たった、これだけの実験で、『VCUは、只者ではないオーラ』 を放つことが理解できた。
ハンドルを持つ手が震えていた。スキンヘッドの説明者は、
その変化を見逃さずし、ニコッと微笑んだ。ラリーメンバも 代わるがわる台上デモ機を試し、歓声をあげている。
次に、車両実験室に案内された。二柱リフトに持ち上げられた車両があった。下回りから、VCUユニットの説明である。 元々、FF2WDであったが、VCUユニットを使って4WDに改造した車両で、実際に販売されている車両であった。センターデフはないので、オンデマンド4WD*である
*この時点では、現代用語辞典にも
載せられていなかった用語

【参考】床下画像(2014北京モーターショー調査画像から)
理論を読んで理解するよりも、現象に出逢うことが勝る…
スキンヘッドの説明者は、容易されたデモカーを試乗するようにうながした。
ラリー車の神様の運転、ラリーエンジンの神様が助手席、チームリーダーと当方が後席に乗車して出発した。会社の近くの河原に砂を取る作業場がある。 土手から砂の坂を下り、フカフカの砂の広場に入る。試乗車は、比較のため、2WDと4WDを機械的に切り離すことができる。
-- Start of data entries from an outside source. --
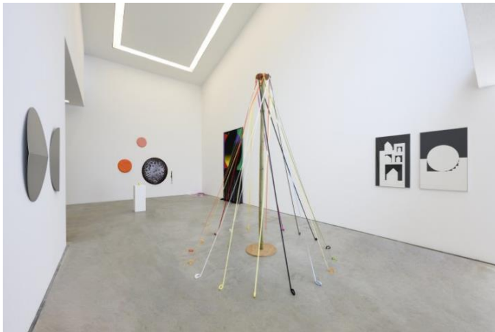
Spirit of Kindergarten – zaaloverzicht

Kindergarten is een avantgardistische leer methode die ontwikkeld is door de Duitse opvoedkundige Friedrich Wilhelm Fröbel (1782-1852). Hij richtte rond 1840 een Kindergarten op; een tuin die de ideale omgeving was voor het kinderspel. De leermiddelen van Fröbel, waarvan een aantal afkomstig uit de collectie van het Nationaal Onderwijsmuseum als vertrekpunt in de tentoonstelling was opgenomen, werden gekenmerkt door het gebruik van vormen en kleuren waaruit de natuur is opgebouwd. Fröbels gedachtegoed en beeld- en vormtaal is sindsdien van grote invloed geweest op kunstenaars, ontwerpers en architecten. Zo refereert architect Frank Lloyd Wright met de opmerking "de esdoorn houten blokken... zitten tot op de dag van vandaag in mijn vingers", rechtstreeks aan Fröbels materialen.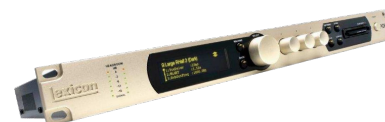
Процессоры эффектов от 25 800 р.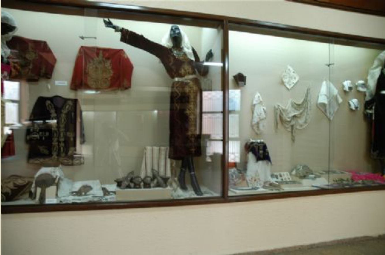
Ankara Etnografya Müzesi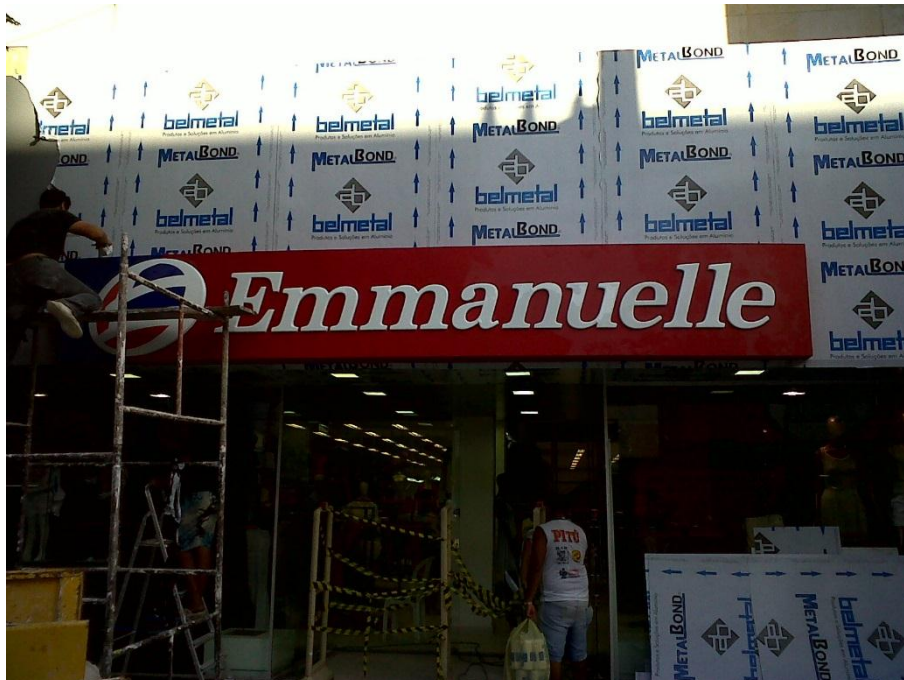
FACHADA EMMANUELLE – CENTRO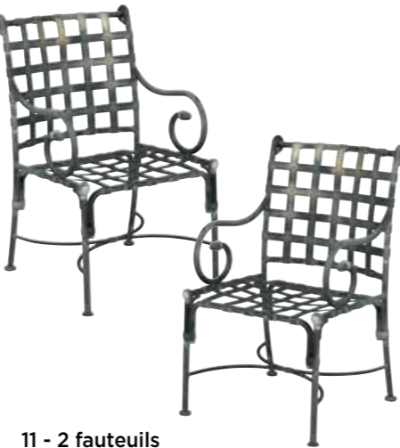
11 - 2 fauteuils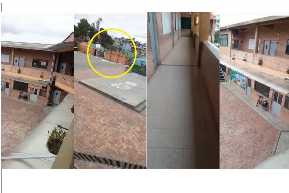
Imagen 4 Collage fotográfico de la institución.

Fuente: elaboración propia, 19 de febrero de 2020, 10:00 am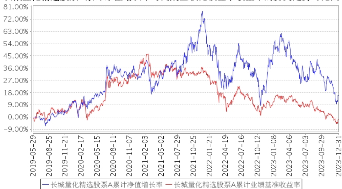
长城量化精选股票A累计净值增长率与同期业绩比较基准收益率的历史走势对比图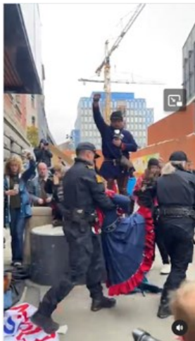
Kuva 2. Kuvakaappaus poliisista kantamassa aktivisteja (NSR Nuorat 2023)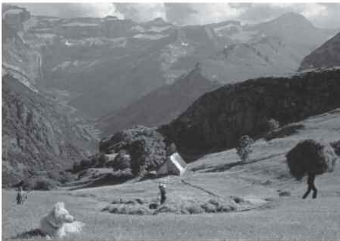
Remonter la pente : chez Rancoussidou, la grande « et en haut des pot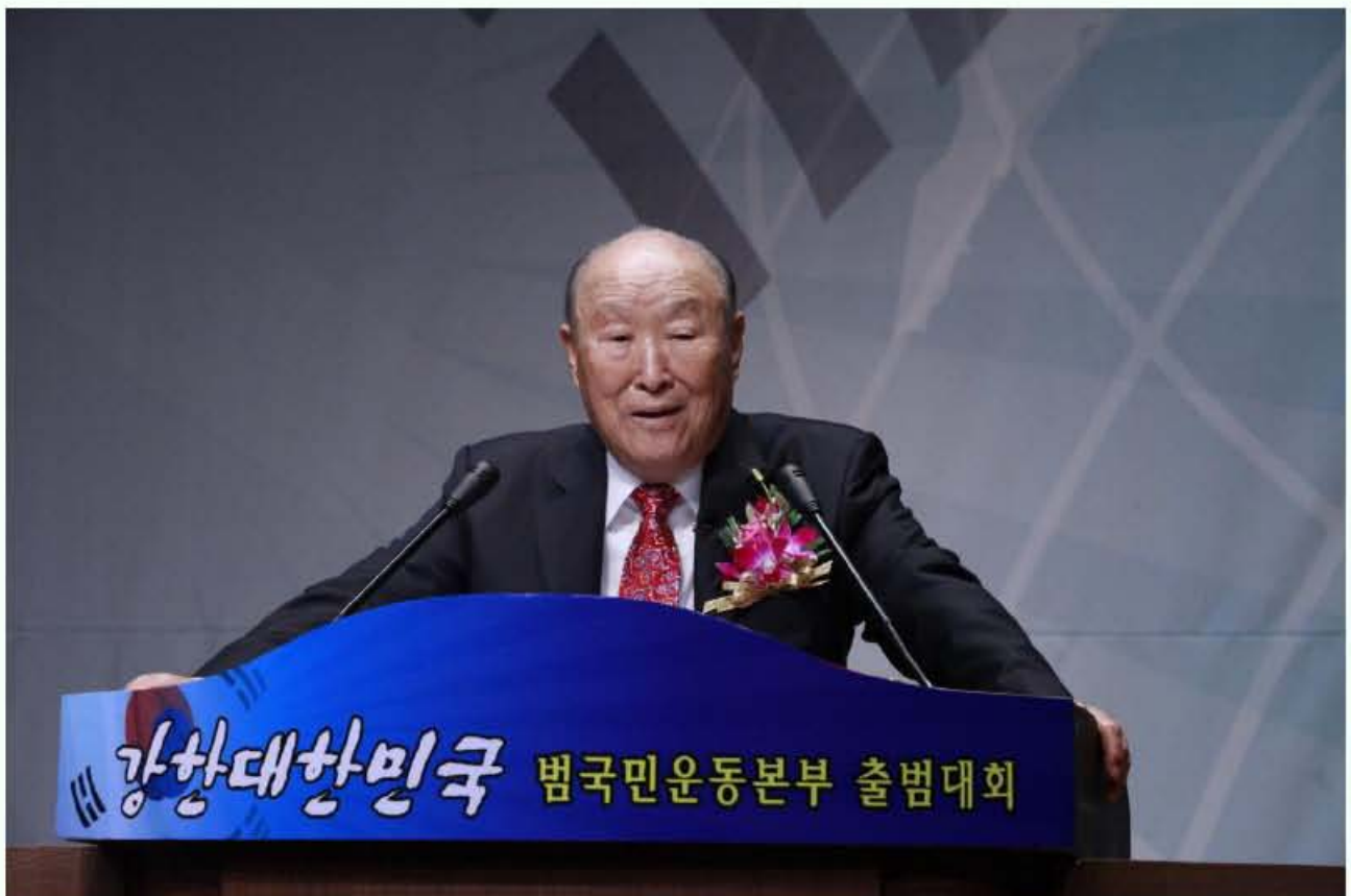
True Father (Rev. Sun Myung Moon) speaking to the audience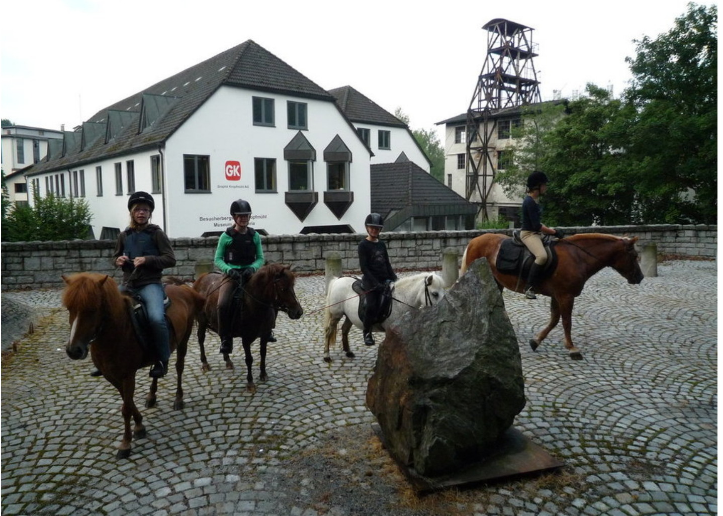
Hier im einzigen Graphitbergwerk Deutschlands in Kropfmühl entdecken Sie die Welt der Bergleute. Unsere Ponys machen Pause vor dem Museum. www.graphit-bbw.de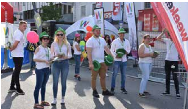
FestiWels: Event Employer Branding. Die Marke RECA wird aktiv von den Lehrlingen promotet.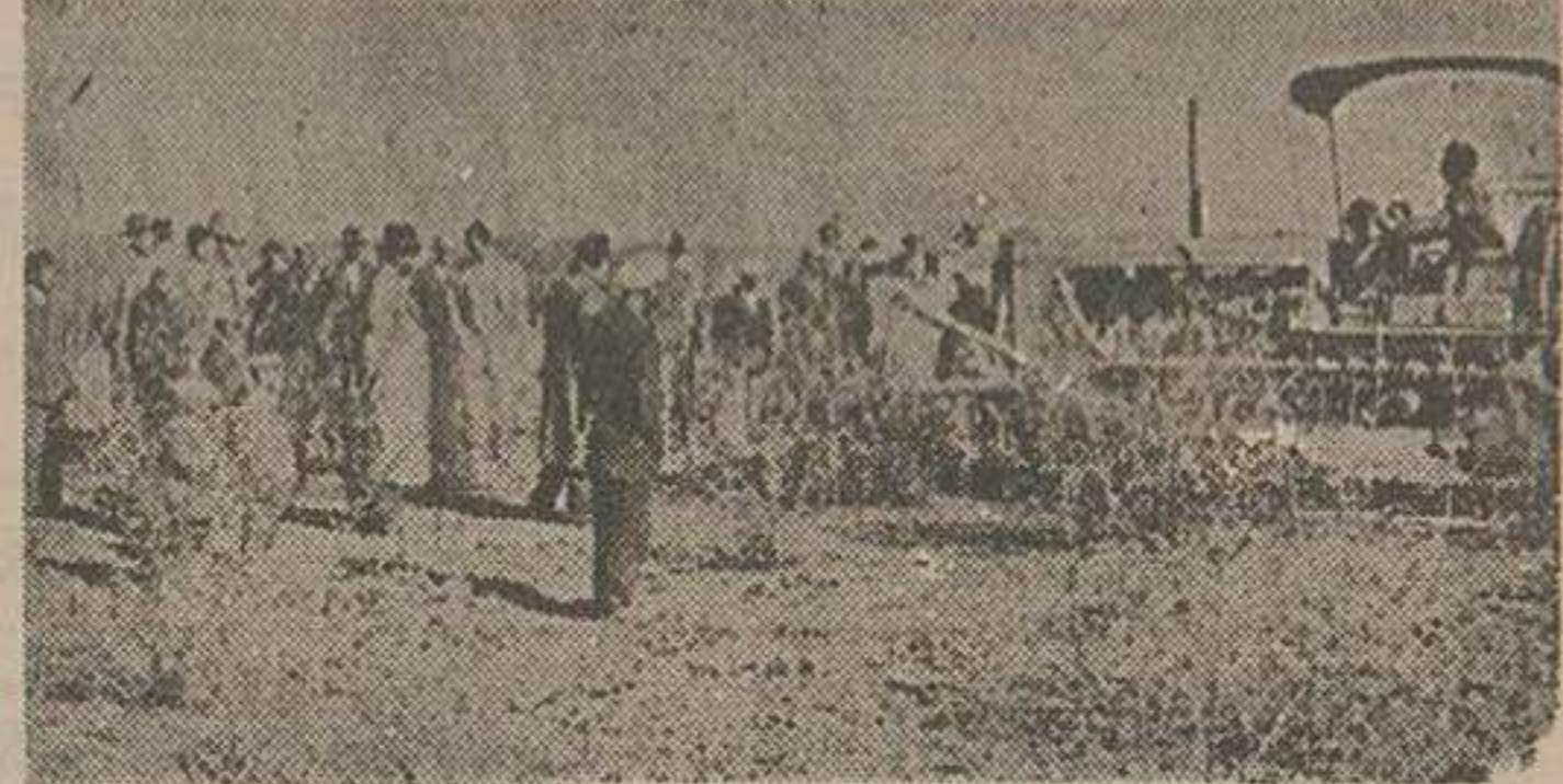
بازدید از طرف عمل ماشین آلات کشاورزی

چندی قبل از طرف متصدیان کارگاه سد اخنوخان کلیایگان برای آزمایش مقداری آب در مخزن سد نگاهداری شده بود اخیراً پس از خاتمه آزمایش مجرای توپل مخزن را باز کرده و آب مخزن بطرف شهر و دهات سرازیر شده در نتیجه علاوه بر خساراتی که بر ارضین وارد آمد قسمتی از قنات آب شرکت سهامی موتور آب کلیایگان را که اهالی از آن استفاده می نمودند منهدم و ویران نمود اهالی از مقامات مسئول تقاضای عطف توجه دارند.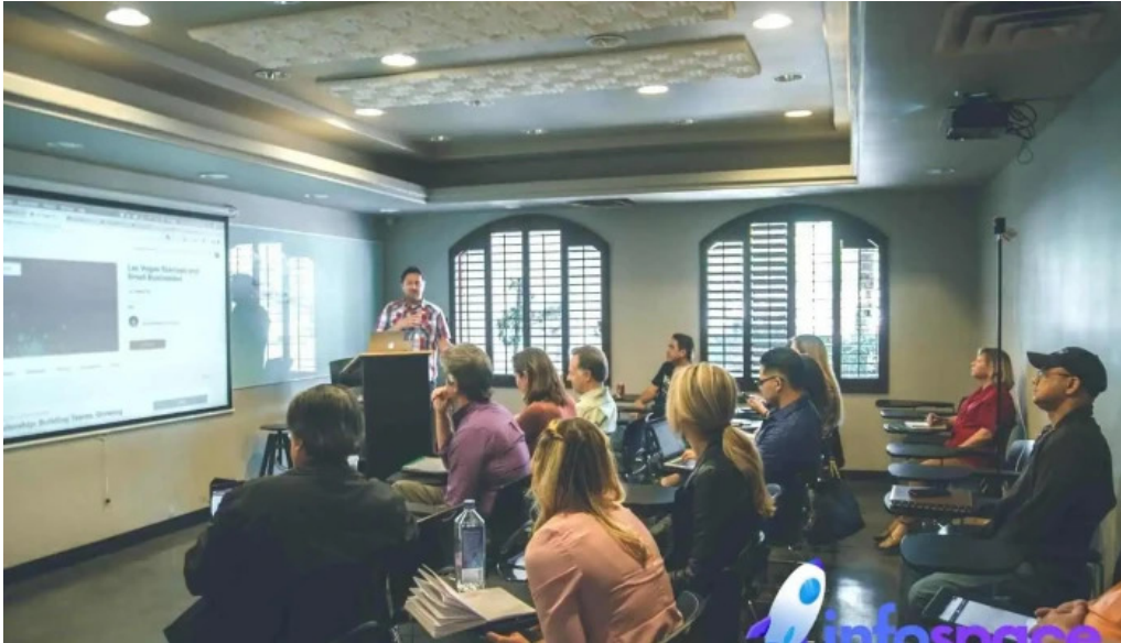
Sipropa consultores cdad lopez mateos

●2WDモードで、停止から発進➡両前輪が砂に沈み発進困難●4WDモードで、停止から発進➡両前輪が空転し砂に沈みか
けるが後輪が車両を前方に押して砂に沈まずに発進可●4WDモードで、フルロック旋回をする➡タイトコーナーブレ
ーキング現象も発生しない。アンダーステアぎみではある
が、力強く旋回する。
頭の中で電球が光ったのを覚えている。乗車メンバーの評価は、良好である。ラリー車に使えるか?
車内では、ワイワイガヤガヤと話の花が咲いた。
会社へ戻り、試乗車を返却。 スキンヘッドの説明者に、VCUは、評価として発展可能性が高いことを伝えた。大量量産へつなげるには、シリコンオイルの調達と安定・耐久性であろうとも伝えた。
海外出張報告書には、
『VCUの早期検討を提案する。FF直結4WDの代わりとして副駆動系上にVCUを追加することで簡易4WDが出来そうであること。および、センターデフの差動ギヤの制御デバイスとして使えそうである。』
帰国後、お世話になっているサプライヤーが、VCUのプレゼンに来た。スキンヘッドの説明者からプレゼン結果が上奏され、日本の提携先に情報が入り、当方の帰国を待って、来訪してきたようだ。
『鉄は熱いうちに打て』である。その後については、VCUのテーマでブログを書くことにする。